Recorded data >>
=== Begin Enclosure ===
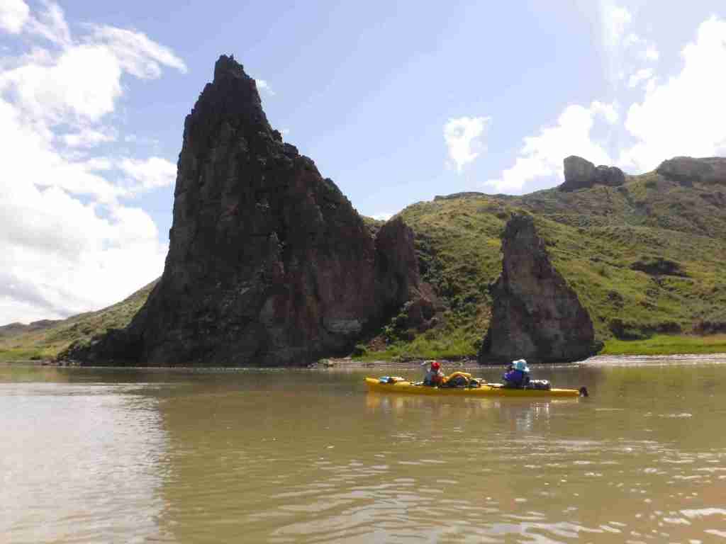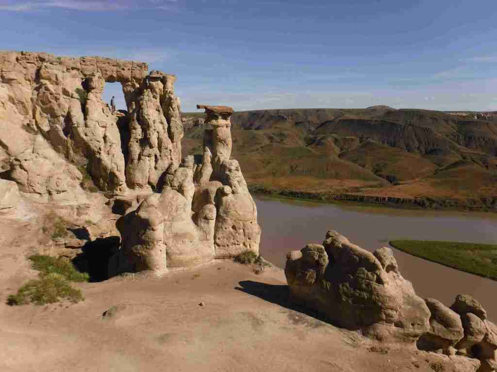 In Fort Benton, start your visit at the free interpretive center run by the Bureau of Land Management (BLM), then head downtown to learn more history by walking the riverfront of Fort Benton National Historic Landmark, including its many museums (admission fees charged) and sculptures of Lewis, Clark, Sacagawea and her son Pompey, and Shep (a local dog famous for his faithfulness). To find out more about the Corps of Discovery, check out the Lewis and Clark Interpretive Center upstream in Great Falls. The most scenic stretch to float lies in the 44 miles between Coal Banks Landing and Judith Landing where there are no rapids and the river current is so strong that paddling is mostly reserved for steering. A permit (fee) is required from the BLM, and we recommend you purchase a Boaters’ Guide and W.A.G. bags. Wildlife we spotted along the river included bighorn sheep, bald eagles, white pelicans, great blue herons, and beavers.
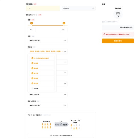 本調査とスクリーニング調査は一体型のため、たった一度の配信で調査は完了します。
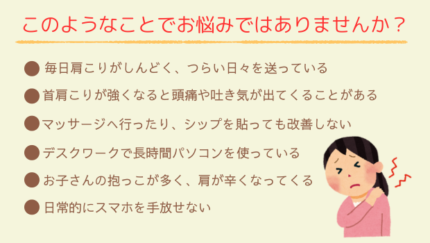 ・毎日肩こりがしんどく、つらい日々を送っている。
=== End Enclosure ===
What is required >> Every line above should be copied exactly; do not carry over the pictures.

Solution for this problem >>
 In Fort Benton, start your visit at the free interpretive center run by the Bureau of Land Management (BLM), then head downtown to learn more history by walking the riverfront of Fort Benton National Historic Landmark, including its many museums (admission fees charged) and sculptures of Lewis, Clark, Sacagawea and her son Pompey, and Shep (a local dog famous for his faithfulness). To find out more about the Corps of Discovery, check out the Lewis and Clark Interpretive Center upstream in Great Falls. The most scenic stretch to float lies in the 44 miles between Coal Banks Landing and Judith Landing where there are no rapids and the river current is so strong that paddling is mostly reserved for steering. A permit (fee) is required from the BLM, and we recommend you purchase a Boaters’ Guide and W.A.G. bags. Wildlife we spotted along the river included bighorn sheep, bald eagles, white pelicans, great blue herons, and beavers.
 本調査とスクリーニング調査は一体型のため、たった一度の配信で調査は完了します。
 ・毎日肩こりがしんどく、つらい日々を送っている。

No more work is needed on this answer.